Karaköy is a station on the historic Tünel funicular railway in Beyoğlu, Istanbul. Located on Tersane Avenue, just north of the Golden Horn, it is the southern and lower terminus of the  railway. The station is located at the ground floor of the IETT General Headquarters Building.

Overview

Karaköy station is located at Tersane Avenue No:9 and is on the ground floor of the IETT General Headquarters Building. The entrance to the station is located on the southeast corner of the building, while the exit is located on the west side of the building. The station is at-grade at the base of Galata hill. The tunnel begins at the northern end of the platforms, as the track head straight into the hill and up to Beyoğlu. Like its counterpart station, Beyoğlu, the Spanish solution is used at Karaköy, as the east platform us for boarding passengers and the west platform is for exiting passengers. The station is integrated within the citywide smartcard system, Istanbulkart, and turnstiles are located at the station's entrance.

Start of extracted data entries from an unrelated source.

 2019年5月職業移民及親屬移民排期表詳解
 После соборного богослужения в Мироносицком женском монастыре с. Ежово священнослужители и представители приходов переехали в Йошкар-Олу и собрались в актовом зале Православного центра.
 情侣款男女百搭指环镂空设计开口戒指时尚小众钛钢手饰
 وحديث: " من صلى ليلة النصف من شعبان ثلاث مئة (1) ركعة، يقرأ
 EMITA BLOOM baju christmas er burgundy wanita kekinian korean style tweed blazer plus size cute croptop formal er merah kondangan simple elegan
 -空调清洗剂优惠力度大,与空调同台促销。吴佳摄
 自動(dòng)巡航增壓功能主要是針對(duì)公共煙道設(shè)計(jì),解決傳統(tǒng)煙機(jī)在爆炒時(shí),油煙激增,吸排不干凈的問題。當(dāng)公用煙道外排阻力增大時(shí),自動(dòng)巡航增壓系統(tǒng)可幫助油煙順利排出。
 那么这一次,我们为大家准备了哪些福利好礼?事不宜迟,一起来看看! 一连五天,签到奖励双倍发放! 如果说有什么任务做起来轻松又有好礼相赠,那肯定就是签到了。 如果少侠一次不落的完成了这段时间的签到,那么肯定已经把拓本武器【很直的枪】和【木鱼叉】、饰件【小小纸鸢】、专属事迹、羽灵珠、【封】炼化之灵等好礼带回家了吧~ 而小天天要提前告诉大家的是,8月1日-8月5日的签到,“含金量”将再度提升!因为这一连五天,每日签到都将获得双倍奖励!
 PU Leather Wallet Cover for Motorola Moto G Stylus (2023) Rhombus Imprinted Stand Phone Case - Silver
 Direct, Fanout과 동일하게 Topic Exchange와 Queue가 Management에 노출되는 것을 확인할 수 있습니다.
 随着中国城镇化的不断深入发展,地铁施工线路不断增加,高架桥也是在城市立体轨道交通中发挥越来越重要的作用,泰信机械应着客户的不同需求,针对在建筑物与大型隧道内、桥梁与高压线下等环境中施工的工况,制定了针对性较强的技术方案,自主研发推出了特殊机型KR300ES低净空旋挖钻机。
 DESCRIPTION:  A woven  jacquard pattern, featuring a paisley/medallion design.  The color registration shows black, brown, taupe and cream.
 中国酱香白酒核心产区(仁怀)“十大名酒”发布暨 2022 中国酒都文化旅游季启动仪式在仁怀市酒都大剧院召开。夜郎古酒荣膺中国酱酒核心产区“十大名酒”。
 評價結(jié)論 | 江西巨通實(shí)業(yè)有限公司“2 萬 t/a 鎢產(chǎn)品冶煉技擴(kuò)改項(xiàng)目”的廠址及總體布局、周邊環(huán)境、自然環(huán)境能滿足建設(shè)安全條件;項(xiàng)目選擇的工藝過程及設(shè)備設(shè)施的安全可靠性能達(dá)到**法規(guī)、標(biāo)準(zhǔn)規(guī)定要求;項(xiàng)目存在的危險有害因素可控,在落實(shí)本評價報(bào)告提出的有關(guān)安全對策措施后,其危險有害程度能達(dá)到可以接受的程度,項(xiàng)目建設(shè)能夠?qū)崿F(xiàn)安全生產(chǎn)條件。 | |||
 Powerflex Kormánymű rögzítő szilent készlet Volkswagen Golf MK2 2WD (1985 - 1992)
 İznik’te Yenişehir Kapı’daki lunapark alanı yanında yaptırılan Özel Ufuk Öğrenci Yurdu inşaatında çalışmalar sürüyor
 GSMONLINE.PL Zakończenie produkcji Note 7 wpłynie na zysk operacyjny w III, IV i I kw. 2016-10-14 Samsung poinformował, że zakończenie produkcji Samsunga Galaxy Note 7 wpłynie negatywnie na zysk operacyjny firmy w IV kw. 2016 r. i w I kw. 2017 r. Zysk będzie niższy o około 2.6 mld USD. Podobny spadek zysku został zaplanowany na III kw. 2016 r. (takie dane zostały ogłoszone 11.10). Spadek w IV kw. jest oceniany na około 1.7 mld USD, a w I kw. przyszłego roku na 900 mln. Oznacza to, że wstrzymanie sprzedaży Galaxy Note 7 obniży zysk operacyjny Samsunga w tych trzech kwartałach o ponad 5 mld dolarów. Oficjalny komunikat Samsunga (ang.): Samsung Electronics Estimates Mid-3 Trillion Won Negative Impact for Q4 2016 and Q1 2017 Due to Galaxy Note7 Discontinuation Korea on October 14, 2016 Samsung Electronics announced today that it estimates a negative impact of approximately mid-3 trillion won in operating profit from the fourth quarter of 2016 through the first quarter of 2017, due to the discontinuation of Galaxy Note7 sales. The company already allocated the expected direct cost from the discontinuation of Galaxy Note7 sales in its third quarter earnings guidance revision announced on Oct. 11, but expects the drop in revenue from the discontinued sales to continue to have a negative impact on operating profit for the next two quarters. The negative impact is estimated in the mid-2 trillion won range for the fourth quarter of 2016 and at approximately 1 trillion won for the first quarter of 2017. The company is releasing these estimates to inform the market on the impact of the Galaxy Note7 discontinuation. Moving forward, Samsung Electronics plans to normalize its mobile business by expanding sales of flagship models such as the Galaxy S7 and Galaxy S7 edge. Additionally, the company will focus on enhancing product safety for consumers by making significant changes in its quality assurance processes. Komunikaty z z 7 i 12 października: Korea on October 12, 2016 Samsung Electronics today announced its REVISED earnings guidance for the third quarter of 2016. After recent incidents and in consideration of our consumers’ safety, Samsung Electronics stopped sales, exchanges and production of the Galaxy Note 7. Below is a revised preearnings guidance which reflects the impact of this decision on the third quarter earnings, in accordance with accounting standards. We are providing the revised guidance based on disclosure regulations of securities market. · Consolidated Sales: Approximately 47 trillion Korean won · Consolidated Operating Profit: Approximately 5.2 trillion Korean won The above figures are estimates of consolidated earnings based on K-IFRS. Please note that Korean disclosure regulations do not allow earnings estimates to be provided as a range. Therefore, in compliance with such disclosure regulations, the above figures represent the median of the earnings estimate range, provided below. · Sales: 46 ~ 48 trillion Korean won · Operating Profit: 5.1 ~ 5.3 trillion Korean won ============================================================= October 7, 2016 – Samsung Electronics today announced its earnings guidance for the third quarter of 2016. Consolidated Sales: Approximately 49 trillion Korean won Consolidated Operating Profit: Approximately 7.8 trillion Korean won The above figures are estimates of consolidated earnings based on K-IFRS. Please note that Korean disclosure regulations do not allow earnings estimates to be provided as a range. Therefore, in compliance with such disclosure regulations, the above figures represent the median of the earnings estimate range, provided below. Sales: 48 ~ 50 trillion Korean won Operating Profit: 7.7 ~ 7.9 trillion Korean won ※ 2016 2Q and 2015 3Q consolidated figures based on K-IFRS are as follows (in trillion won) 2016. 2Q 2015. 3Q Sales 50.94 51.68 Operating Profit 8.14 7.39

Connection to the T1 line of the Istanbul Tram to Kabataş or Bağcılar is available along with ferry service from the two piers in Karaköy. Municipal ferries, operated by Şehir Hatları, depart from Karaköy Pier located east of Karaköy station, on Rıhtım Avenue. Private ferries, operated by Turyol, depart from Turyol's Karaköy Pier located one block south of Karaköy station. Connection to several IETT city bus lines on Kemeraltı Avenue are also available.

History

Karaköy station, along with Beyoğlu station, is one of the oldest subterranean urban railway stations in the world. Construction began in the summer of 1871 and was completed in 1874, along with the rest of the railway line. Karaköy station officially opened, along with Tünel, on 17 January 1875 as Galata station. The station was originally built with two tracks and two side platforms and powered by a steam engine. The station building was a two-story structure, built mostly from wood. On 25 August 1875, the cable carrying the northbound train snapped towards near Beyoğlu and the car began to plunge backwards toward Karaköy. A major accident was averted as the driver was able to hit the emergency brakes and stop the train just  short of Karaköy station.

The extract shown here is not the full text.